The average rate for the whole of Scotland on 3 December was 5.2% - so six of the level four areas were above that.

How are infection rates changing in level three areas?

There are 10 local authorities currently in level three, including Edinburgh and Dundee.

Looking over the same period, two of them - Clackmannanshire and North Ayrshire - have seen the weekly average of Covid cases per 100,000 people rise.

In Clackmannanshire, infection rates rose by almost 43% between 20 November and 3 December, with provisional figures indicating they may increase further in the coming days.

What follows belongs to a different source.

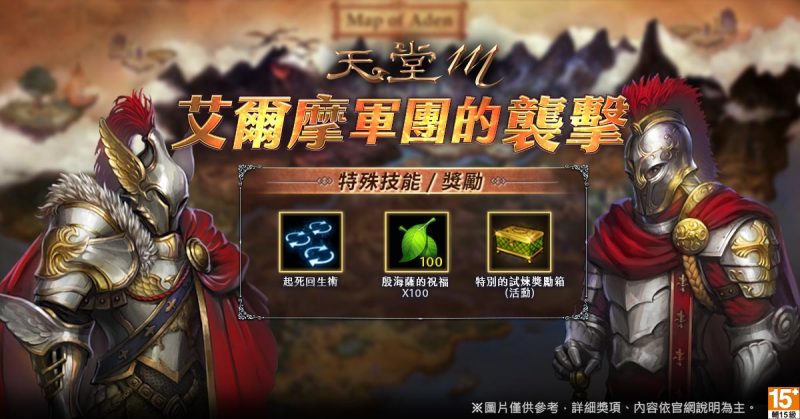 【試煉副本追加活動-艾爾摩軍團的襲擊】於3月3日至3月10日,玩家可於副本內挑戰怪物,機率性出現「艾爾摩將軍」,玩家可使用副本技能「範圍起死回生術」攻擊怪物,獲得大量經驗值及「殷海薩的祝福」,成功通關可獲得「特別的試煉獎勵箱(活動)」及100「殷海薩的祝福」。開啟機率性獲得「稀有製作秘笈(刻印)」、「龍之鑽石(活動)」等虛寶獎勵。以上活動內容以官網公告為準,請持續鎖定《天堂M》官方網站消息。
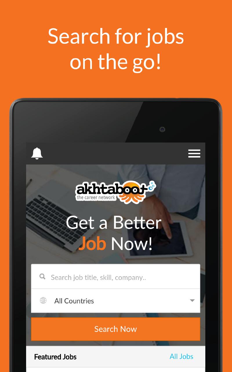 Search for your next job on Akhtaboot newest application. More than 5,000 job opportunities awaits you, from more than 20,000 companies and talent seekers in Jordan, Qatar, Kuwait, Egypt, Saudi Arabia, United Arab Emirates, and more! Look for vacancies on the go, and apply any time you wish.

What's the Scotland-wide picture?

Across Scotland, cases are continuing to fall - going down from 139 weekly cases per 100,000 people on 20 November, to 101 on 3 December, despite the rises in some hotspot areas.

The use of Scotland's tough level four restrictions may not be solely responsible for beginning to drive rates down - but the figures seem to indicate it has kept rates mainly moving downwards.

The question now is whether the measure has done enough to prevent a possible post-Christmas surge in cases from spiralling out of control.

Scotland's national clinical director, Prof Jason Leitch, said public health advisors felt there was "quite a lot of risk coming", as more than two million people prepared to move to less severe restrictions this Friday.

"Retail will open and we're slightly concerned about that, and the other thing we're worried about is Christmas," he told BBC Radio's Good Morning Scotland programme.

"Those two things together make us cautious about the rest of the changes that will be possible today... We would ask people not to rush - just to be careful."